The process of painting from family photos is proving interesting.  Anton Ehrenzweig references ‘the self-destructive attack of unconscious functions on the rational surface sensibilities.’, calling the tragic images of creativity ‘poemagogic’, because they describe the act of creating.’ 1 p xiii  He suggests that ‘creative work succeeds in coordinating the results of unconscious undifferentiation and conscious differentiation and so reveals the hidden order in the unconscious.’ p4  He explains that undifferentiation, as distinct from chaos, ‘corresponds to the primitive still undifferentiated structure of a child’s vision of the world.’, p5 what Piaget calls ‘syncretistic’ vision.  E H Gombrich 2, talking about ‘matching’ an image with reality implies that it is either analytic or syncretistic.

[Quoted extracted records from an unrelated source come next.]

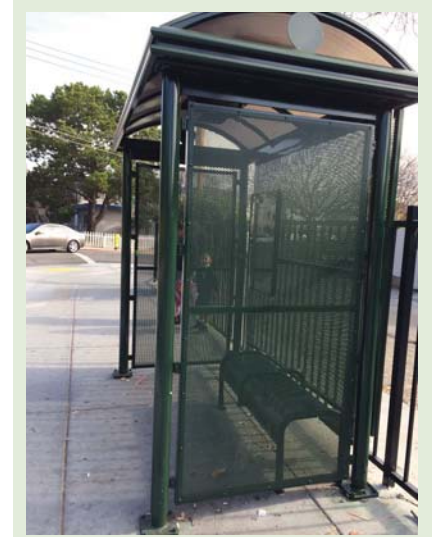
Example of shelter to be installed at Nova Albion Way and Montecillo Rd
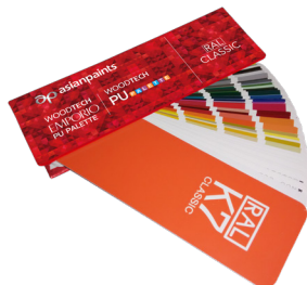
RAL SHADE CARD
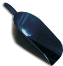
326.000 平口飼料勺 plastic feed scoop
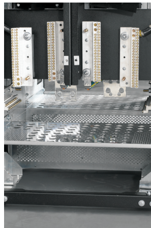
Ground and neutral output connections are conveniently located in the bottom of the unit for easy wiring. Conduit-landing plate provided with plugged holes — no knock-outs.
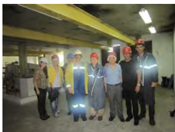
Sao Paulo Water and Sanitation Company (SABESP)

Sao Paulo State in Brazil, where many (more than 1.5 million) Japanese Brazilians live and where activities of people from Mie Prefecture are remarkable, has a deep relationship with Mie Prefecture, and concluded a friendship agreement with the prefecture in 1973. In 2012, the state marked the 100th anniversary of the settlement of immigrants from Mie Prefecture to Brazil. In August 2013, a mission, with the governor serving as the leader, visited Sao Paulo State, and signed the Declaration to Commemorate the 40th Anniversary of the Sister Relationship, which aims to develop the conventional "friendship relationship" into "economic exchange." The prefecture has engaged in mutual exchanges and cooperation in four fields: 1. Education, 2. Environment, 3. Industry and Commerce, and 4. Tourism. It has also promoted the development of both regions. In such a situation, JETRO (Japan External Trade Organization) established the first "Platform to Provide Local Support for Small and Medium-sized Enterprise Business Development Overseas" for enterprises which collaborate with local governmental and private support institutions, as part of the support for business development of small and medium-sized enterprises.
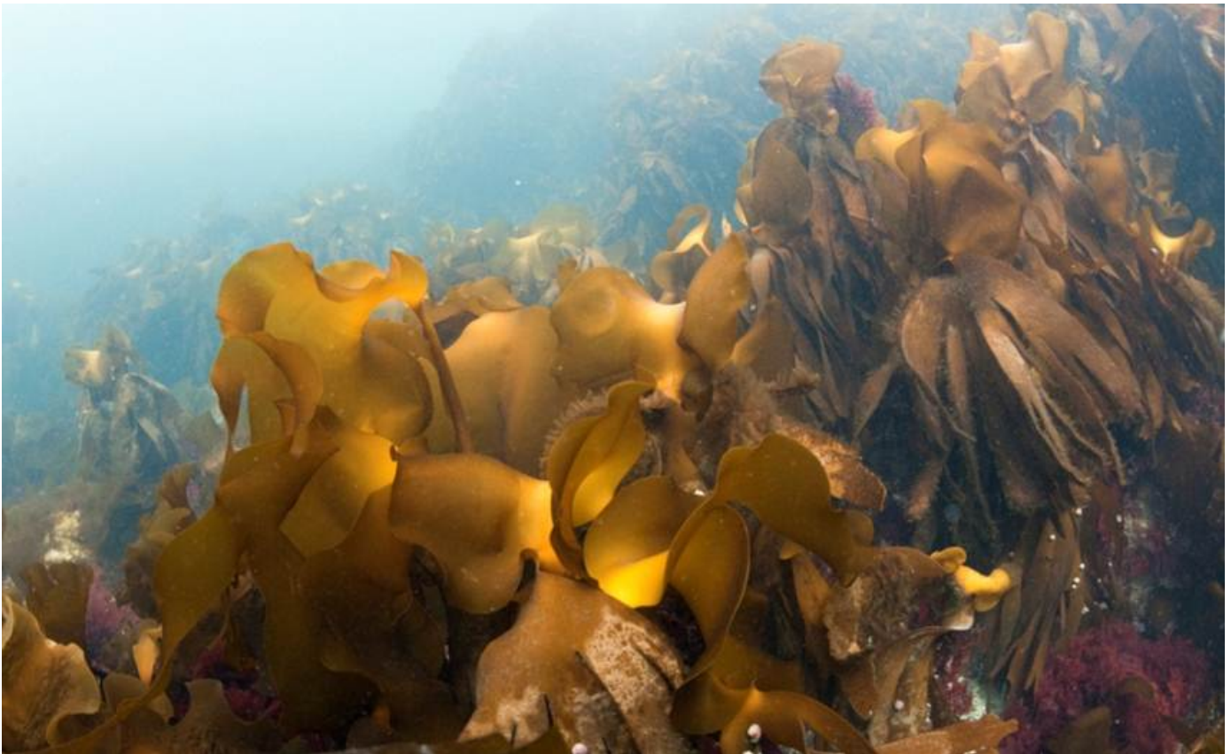
High energy infralittoral rock: Shallow water rock, below the tides, exposed to very strong waves and currents

Management in MCZs can take several different forms, from using existing licensing framework, specific byelaws and orders or an EU Regulation for a site. There has to be public consultation on permanent byelaws and orders. For activities that already need a marine licence, regulators consider the MCZ in their decision as soon as the site is consulted on. Find out more about marine licensing in MCZs at https://www.gov.uk/government/publications/marine-conservation-zones-mczs-and-marine-licensing .
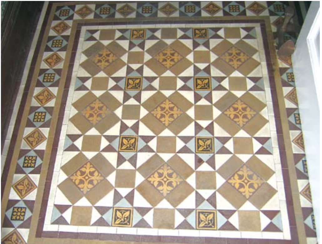
An early 20th century hall floor in Perthshire, with encaustic (decorated) tiles

The tradition of decorated tiled floors largely died out in Britain at the Reformation in the late 16th C, and plain tiles were used thereafter. It was in imitation of medieval styles and techniques that a harder ceramic type floor tile became popular again in the mid 19th century as part of the gothic revival. Patterns changed over the 19th century until tile flooring went out of fashion in the 1920s. Subsequent tastes led to such floors being covered up, or removed, sometimes following damage or loosening of the constituent pieces.
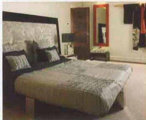
above Tusk International has converted the former Halcyon Hotel into 12 luxury apartments comprising a mix of minimalist and contradictory antique pieces. Prices are available on application. Tel: 020 8785 3077. www.halcyonw11.com
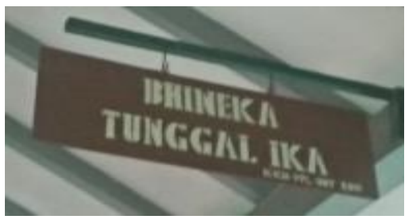
Figure 15. Monolingual sign in Sanskrit (A4/664)
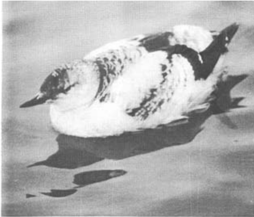
Black Guillemot by Bruce Glick
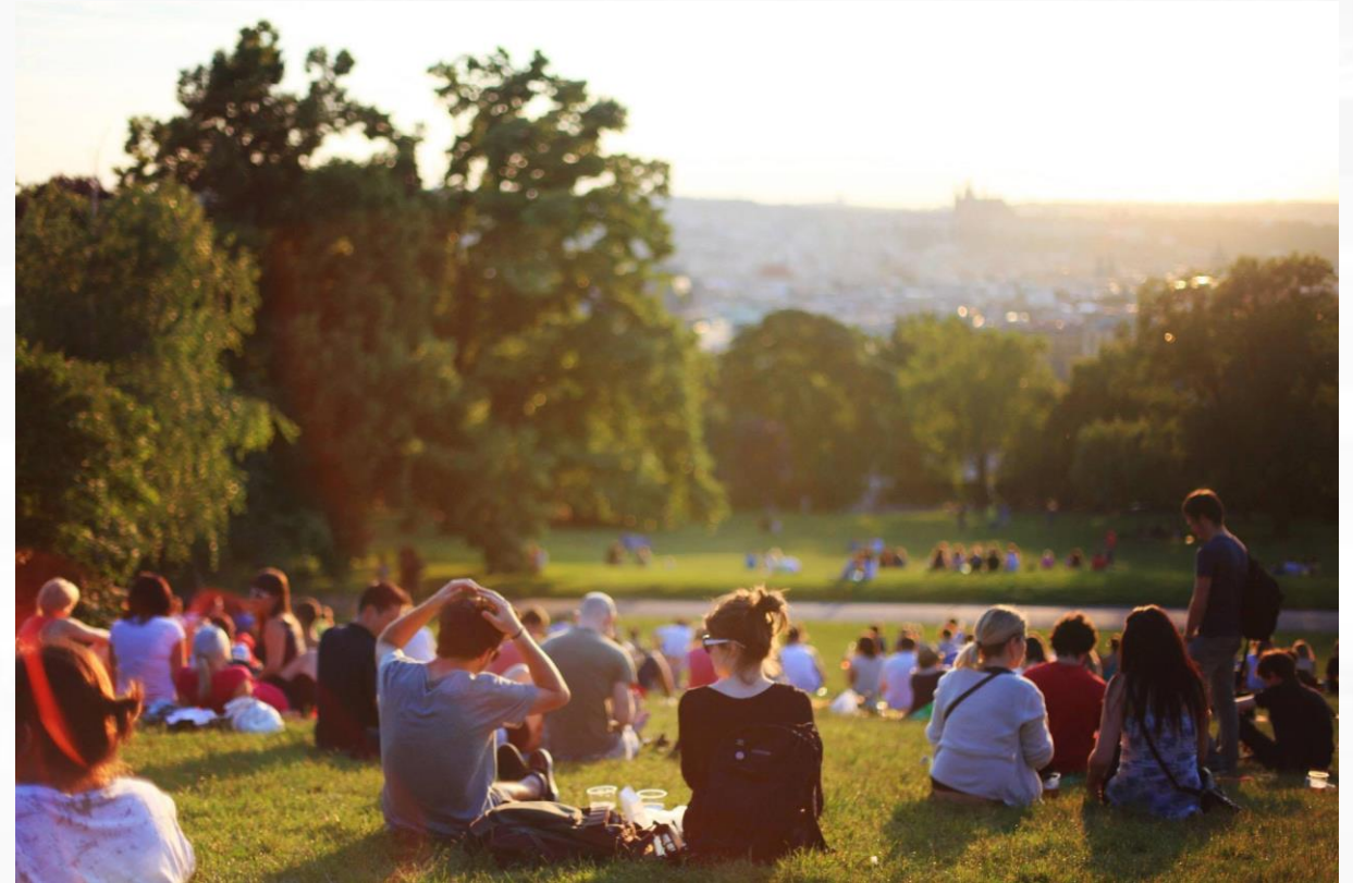
US Bridge Site
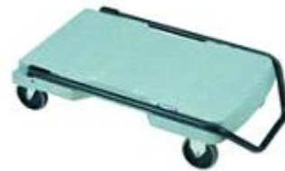
Foldable Hand bar
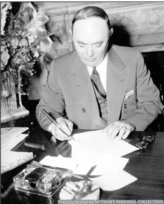
Senator George L. Berry

Berry had not even temporarily surrendered his post as the president of his union and his last act as a member of the United States Senate was sour. As the Senate contest had been a special election, the winner should have been sworn-in just as soon as the election results were
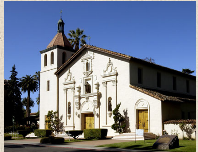
Santa Clara University Mission Church

Finally, we examined "best practices" of other law schools in the surrounding Bay Area and also of the top Environmental Law programs in the nation in order to offer suggestions for developing a more comprehensive Environmental Law department at SCU.
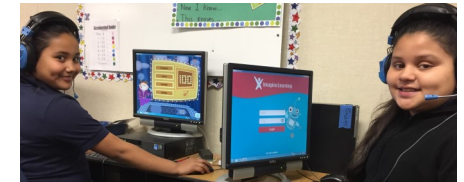
New technologies to advance their learning in English and Spanish
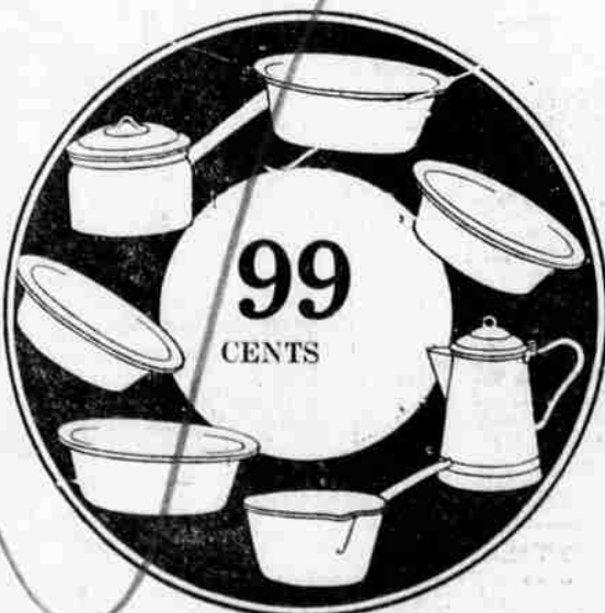
WHAT 99c WILL BUY Regular Values Up to $1.75
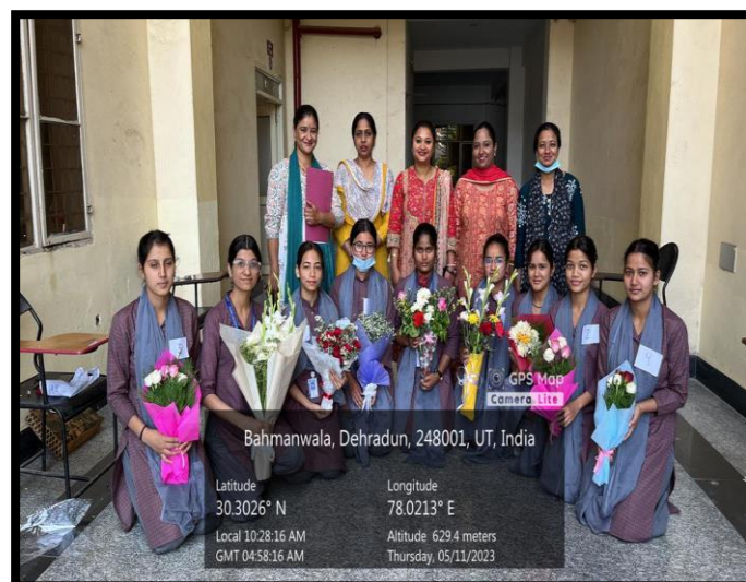
BOUQUET MAKING COMPETITION
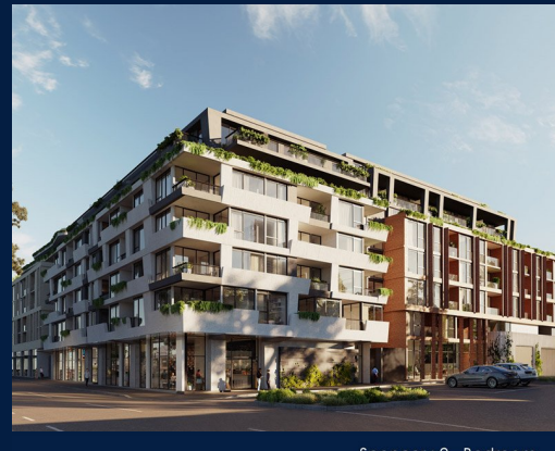
Spencer: 2 - Bedroom
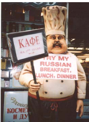
A local Russian restaurant advertisement in Brighton Beach, Brooklyn.
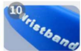
Embossed with color
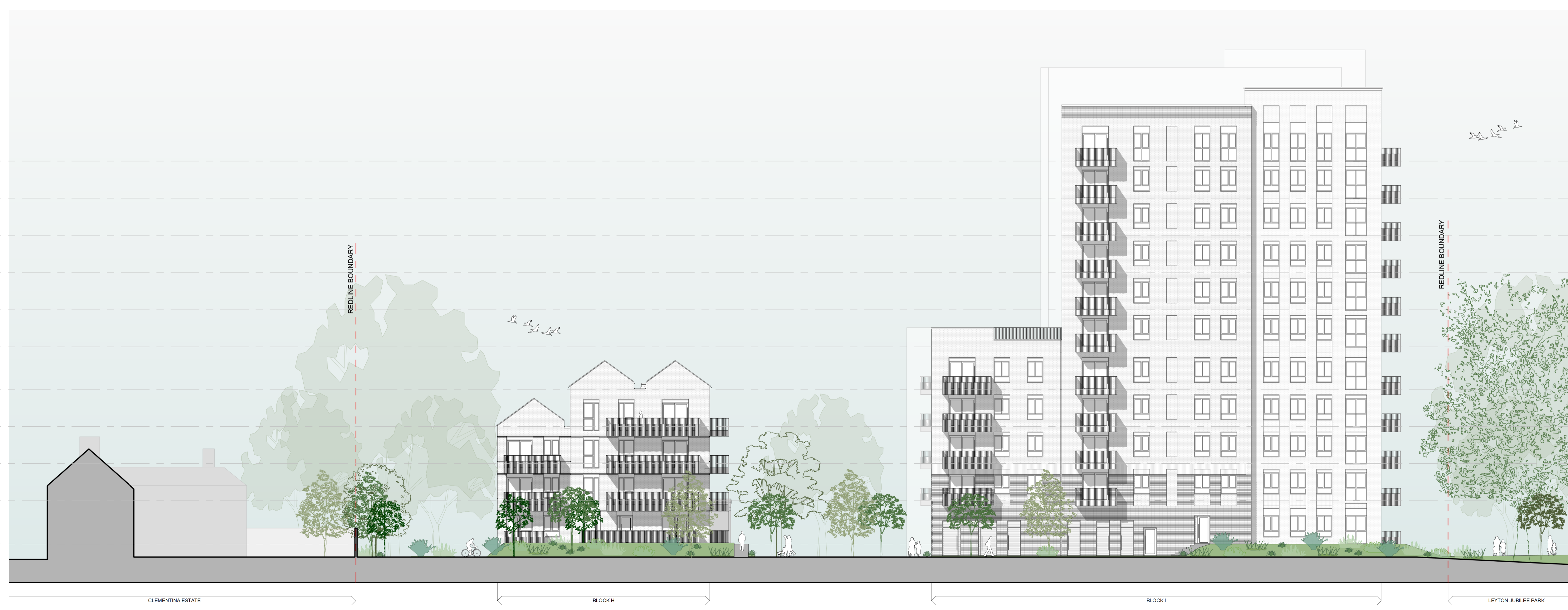
BB - Block H/I West Elevation
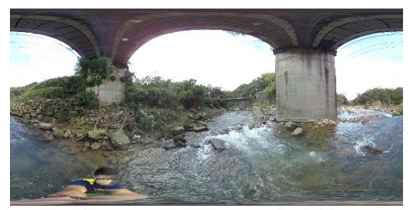
Fig 3. Panorama about Under-bridge

The panorama technology could merge multiple pictures into an "image ball", which allows user to locate on the center and look around, such as Google StreetView or Youtube360. Thanks to the minimization of camera, there are lots of products in the market can take panoramas with a single click (Ricoh Theta S, Kodak sp360, etc.).
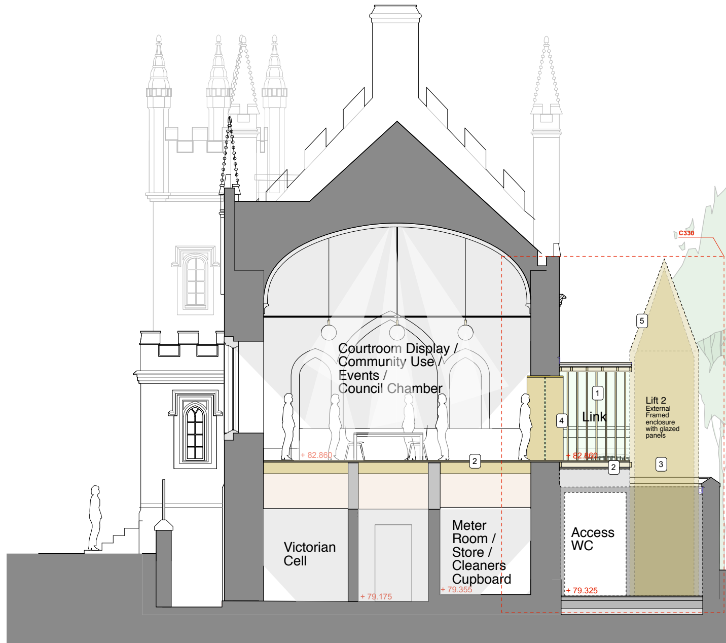
tavistock guildhall TTC: section f-f - courthouse as proposed

FOR ROOF DETAIL PLEASE REFER TO GA216 - Fabric Repair Roof Plan
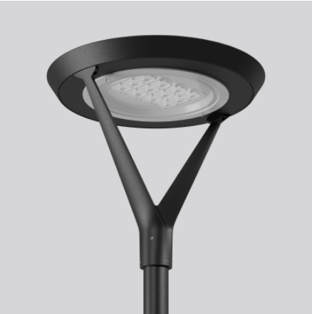
Pole top luminaires 4051859135708 D 650, H 610 Pole mounting anthracite metallic (DB703)

Pablo Picasso, 'Weeping Woman' 1937

The Weeping Woman 1937 Pablo Picasso, Oil paint on canvas, Support: 608 x 500 mm frame: 847 x 739 x 86 mm

http://www.tate.org.uk/art/artworks/picasso-weeping-woman-t05010

Picasso’s The Woman Weeping at first seems chaotic to the conscious mind.  The resemblance achieved by a syncretistic portrait relies on a subtle balance that defies conscious analysis.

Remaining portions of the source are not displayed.